Assigned task: In your copy of the entries below, keep every word exactly and leave out all images.

Source data:
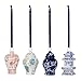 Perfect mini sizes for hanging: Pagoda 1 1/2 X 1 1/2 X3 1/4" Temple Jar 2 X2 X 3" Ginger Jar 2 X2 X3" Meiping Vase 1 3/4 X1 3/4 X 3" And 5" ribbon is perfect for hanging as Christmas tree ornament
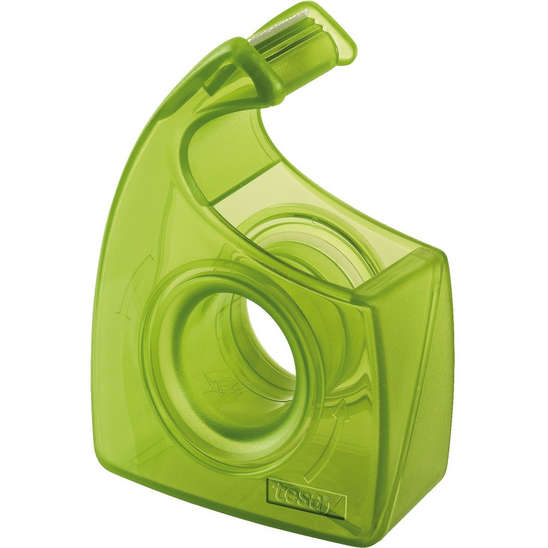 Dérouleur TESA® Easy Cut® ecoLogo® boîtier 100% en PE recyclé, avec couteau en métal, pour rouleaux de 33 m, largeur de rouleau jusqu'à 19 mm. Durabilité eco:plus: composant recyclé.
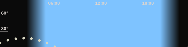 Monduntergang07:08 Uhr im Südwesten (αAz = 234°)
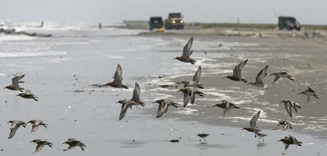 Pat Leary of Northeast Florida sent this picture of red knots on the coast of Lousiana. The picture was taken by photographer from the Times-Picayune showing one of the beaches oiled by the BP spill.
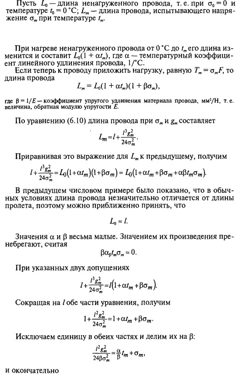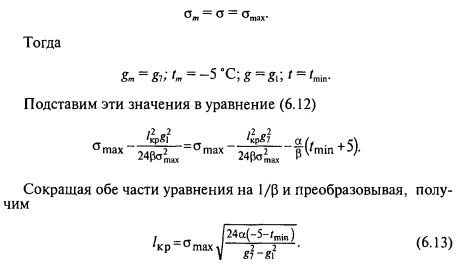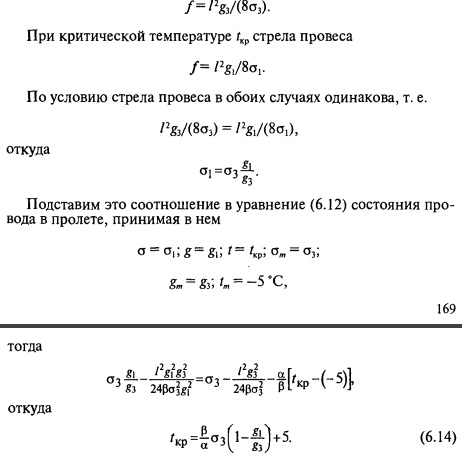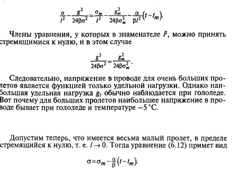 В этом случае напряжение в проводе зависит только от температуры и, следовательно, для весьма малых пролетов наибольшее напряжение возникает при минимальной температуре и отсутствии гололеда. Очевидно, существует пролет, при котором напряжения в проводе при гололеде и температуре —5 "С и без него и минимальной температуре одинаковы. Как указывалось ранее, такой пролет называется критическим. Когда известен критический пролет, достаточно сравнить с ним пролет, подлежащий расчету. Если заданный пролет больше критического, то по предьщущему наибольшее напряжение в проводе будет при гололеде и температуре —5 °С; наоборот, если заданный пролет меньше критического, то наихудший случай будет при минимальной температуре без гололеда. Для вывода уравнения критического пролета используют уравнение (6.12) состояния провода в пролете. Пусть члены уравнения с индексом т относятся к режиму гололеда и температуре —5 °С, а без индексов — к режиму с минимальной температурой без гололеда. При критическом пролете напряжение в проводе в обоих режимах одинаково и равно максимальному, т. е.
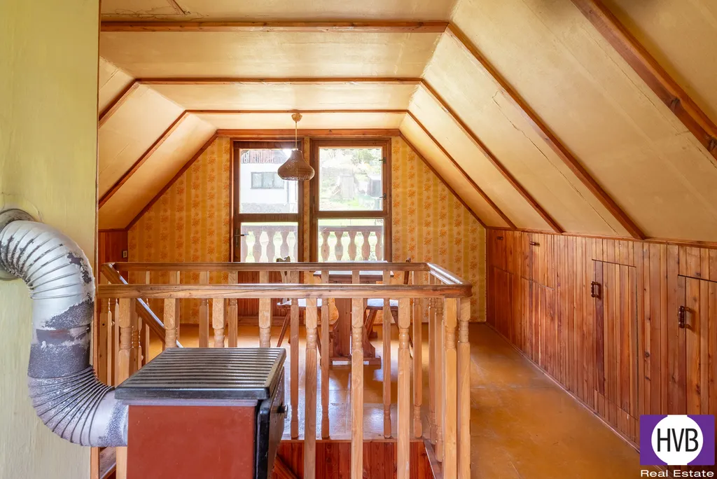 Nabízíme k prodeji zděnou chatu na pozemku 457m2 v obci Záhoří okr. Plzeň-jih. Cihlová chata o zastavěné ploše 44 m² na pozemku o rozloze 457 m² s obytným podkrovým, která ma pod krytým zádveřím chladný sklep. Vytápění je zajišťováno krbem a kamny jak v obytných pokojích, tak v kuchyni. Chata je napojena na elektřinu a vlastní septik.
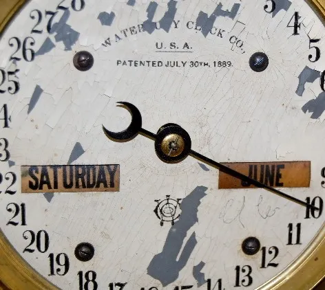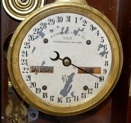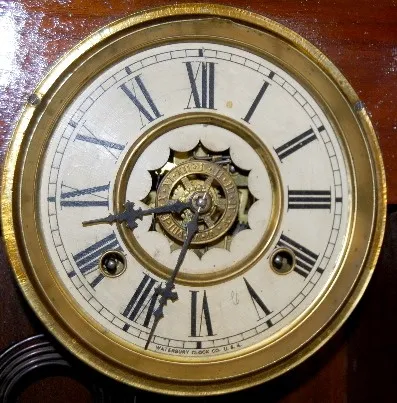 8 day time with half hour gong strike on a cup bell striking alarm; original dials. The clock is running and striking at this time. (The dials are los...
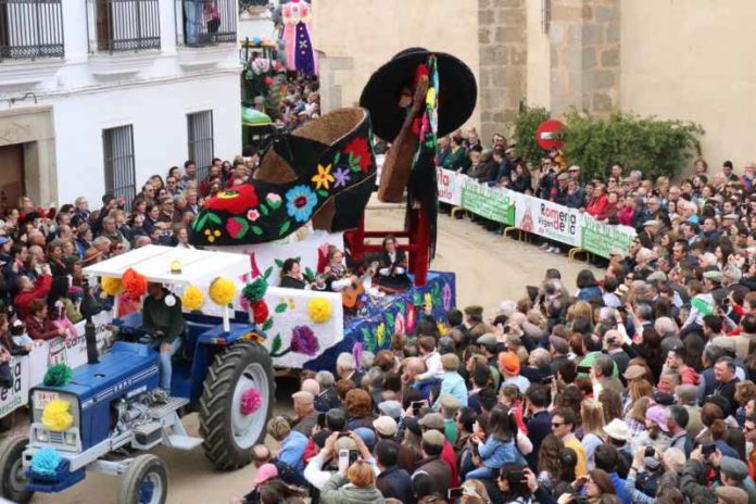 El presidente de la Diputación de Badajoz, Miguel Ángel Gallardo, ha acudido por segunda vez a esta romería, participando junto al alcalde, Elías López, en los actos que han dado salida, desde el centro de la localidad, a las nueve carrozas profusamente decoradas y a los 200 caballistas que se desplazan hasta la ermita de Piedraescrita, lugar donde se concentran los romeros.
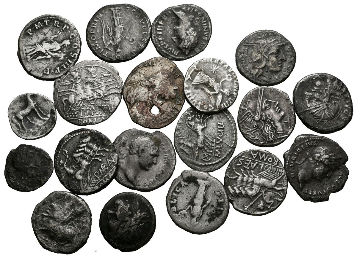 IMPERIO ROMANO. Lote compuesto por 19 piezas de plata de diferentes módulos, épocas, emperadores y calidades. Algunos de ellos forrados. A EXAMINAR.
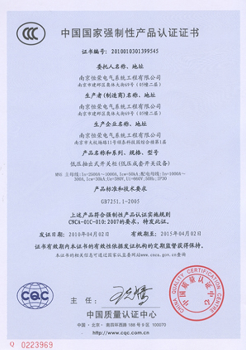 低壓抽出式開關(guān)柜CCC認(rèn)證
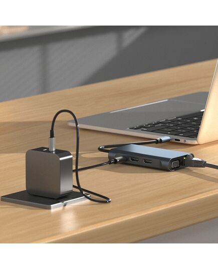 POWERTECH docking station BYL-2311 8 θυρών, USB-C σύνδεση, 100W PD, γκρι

Exercise answer:
 Perfect mini sizes for hanging: Pagoda 1 1/2 X 1 1/2 X3 1/4" Temple Jar 2 X2 X 3" Ginger Jar 2 X2 X3" Meiping Vase 1 3/4 X1 3/4 X 3" And 5" ribbon is perfect for hanging as Christmas tree ornament
 Dérouleur TESA® Easy Cut® ecoLogo® boîtier 100% en PE recyclé, avec couteau en métal, pour rouleaux de 33 m, largeur de rouleau jusqu'à 19 mm. Durabilité eco:plus: composant recyclé.
 Monduntergang07:08 Uhr im Südwesten (αAz = 234°)
 Pat Leary of Northeast Florida sent this picture of red knots on the coast of Lousiana. The picture was taken by photographer from the Times-Picayune showing one of the beaches oiled by the BP spill.
 В этом случае напряжение в проводе зависит только от температуры и, следовательно, для весьма малых пролетов наибольшее напряжение возникает при минимальной температуре и отсутствии гололеда. Очевидно, существует пролет, при котором напряжения в проводе при гололеде и температуре —5 "С и без него и минимальной температуре одинаковы. Как указывалось ранее, такой пролет называется критическим. Когда известен критический пролет, достаточно сравнить с ним пролет, подлежащий расчету. Если заданный пролет больше критического, то по предьщущему наибольшее напряжение в проводе будет при гололеде и температуре —5 °С; наоборот, если заданный пролет меньше критического, то наихудший случай будет при минимальной температуре без гололеда. Для вывода уравнения критического пролета используют уравнение (6.12) состояния провода в пролете. Пусть члены уравнения с индексом т относятся к режиму гололеда и температуре —5 °С, а без индексов — к режиму с минимальной температурой без гололеда. При критическом пролете напряжение в проводе в обоих режимах одинаково и равно максимальному, т. е.
 Nabízíme k prodeji zděnou chatu na pozemku 457m2 v obci Záhoří okr. Plzeň-jih. Cihlová chata o zastavěné ploše 44 m² na pozemku o rozloze 457 m² s obytným podkrovým, která ma pod krytým zádveřím chladný sklep. Vytápění je zajišťováno krbem a kamny jak v obytných pokojích, tak v kuchyni. Chata je napojena na elektřinu a vlastní septik.
 8 day time with half hour gong strike on a cup bell striking alarm; original dials. The clock is running and striking at this time. (The dials are los...
 El presidente de la Diputación de Badajoz, Miguel Ángel Gallardo, ha acudido por segunda vez a esta romería, participando junto al alcalde, Elías López, en los actos que han dado salida, desde el centro de la localidad, a las nueve carrozas profusamente decoradas y a los 200 caballistas que se desplazan hasta la ermita de Piedraescrita, lugar donde se concentran los romeros.
 IMPERIO ROMANO. Lote compuesto por 19 piezas de plata de diferentes módulos, épocas, emperadores y calidades. Algunos de ellos forrados. A EXAMINAR.
 低壓抽出式開關(guān)柜CCC認(rèn)證
 POWERTECH docking station BYL-2311 8 θυρών, USB-C σύνδεση, 100W PD, γκρι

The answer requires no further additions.